The Fox From Up Above and the Fox From Down Below
- Author: José María Arguedas
- Original title: El zorro de arriba y el zorro de abajo
- Translator: Frances Horning Barraclough
- Language: Spanish
- Publisher: Losada (Buenos Aires)
- Publication date: 1971
- Publication place: Peru
- Published in English: 2000
- Media type: Print
- Pages: 325
- ISBN: 978-0822957188
- Preceded by: Todas las Sangres (1964)

= The Fox From Up Above and the Fox From Down Below =

Posthumous novel by José María Arguedas

The Fox From Up Above and the Fox From Down Below (El zorro de arriba y el zorro de abajo) is the sixth and final novel by Peruvian writer José María Arguedas published posthumously in 1971. It is an unfinished novel, interspersed with some personal and intimate diaries where the author relates the torments overwhelming him while writing the novel, finally announcing his impending suicide. Complementing the work are two letters and an epilogue. The novel depicts the consequences of accelerated modernization of the port of Chimbote, motivated by the fishing boom; thousands of Andean immigrants arrive, attracted by the opportunity to earn a living in a thriving industrial city, while at the same time they assimilate themselves under the guise of 'modernity', all of which, from the point of the writer, brings dire consequences: loss of Andean cultural identity and its moral degeneracy, succumbing to the vices of the city in bars and brothels.

==Context==

According to the author's correspondence, the draft of the novel was first conceived in the early months of 1966. In letters to the Spanish editor Carlos Barral dated from that year, Arguedas tells him about a draft novel that would concern anchovy fishermen and the revolution produced by the fishmeal industry on the Peruvian coast.

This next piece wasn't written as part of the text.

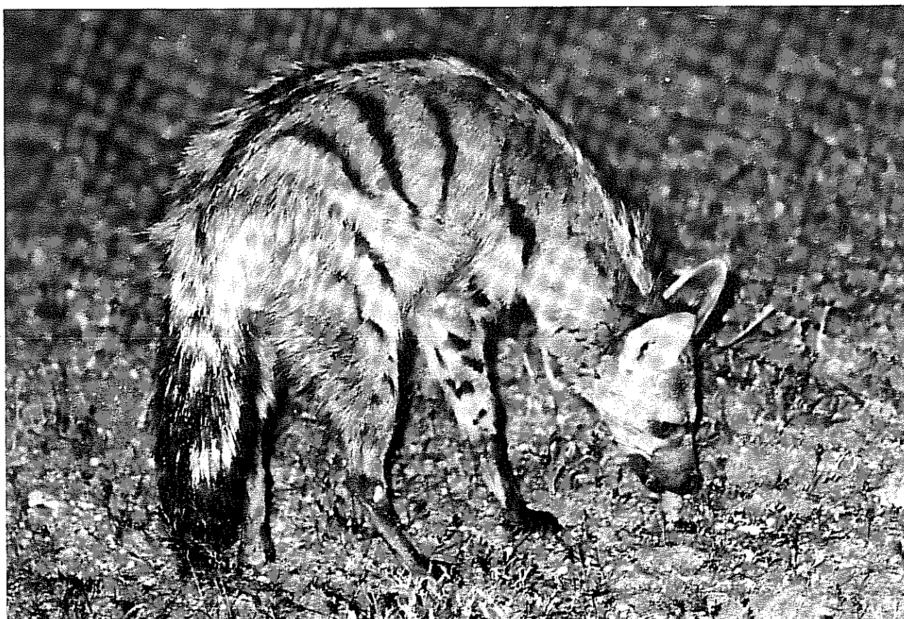
PLATE 2: Aardwolf feeding. Ears are pulled back and face sideways.
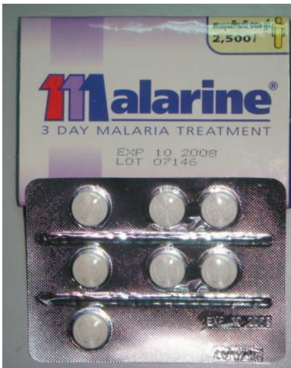
Figure 2 Malarine for Adult (2008).

programme being handed over to Population Services International (PSI) in February 2003.

From other sources we know that the novelistic project was originally set in Puerto Supe, which also experienced the fishing boom, but was later displaced by Chimbote, where Arguedas traveled to several times to document and interview fishermen and port workers. It was mid-1968 when it occurred to him to sandwich between the fictional chapters of his novel some personal diaries, the first of which drew on the 10th, 11th, 13th, 15th and 16 May. This "first diary" appeared in the journal Amaru and sparked controversy with the Argentine writer Julio Cortázar, following intemperate criticism that he made regionalist or 'telluric' literature. It was a difficult time for the writer as he encountered a strong depressive crisis, which had already lead him to a previous suicide attempt (in 1966); he lived in continual battle against insomnia and pains in the neck and back. Yet he endeavoured to carry out the project and wrote four chapters (which form the first part of the book), by his accounts on the second and third day sandwiched into the work. The second diary is dated in Museo de Sitio de Puruchuco in Lima, February 1969, and the third day in Chile, in May of that year. In Chile the author also developed the second part of the book, but later announced himself to be mentally unfit to continue. That's when he prepared his suicide and purchased a revolver. In what was labelled as his "Last Diary?" (whose revision is dated October of that year) he said his life would be ended by a bullet; a month later he carried out his threat (November 1969). This was finally inserted into the work, along with an epilogue: a letter the author sent to the editor Gonzalo Losada giving his final provisions on the publication of the work, despite it having been truncated. It has been said with certainty that the writer's death ends the novel.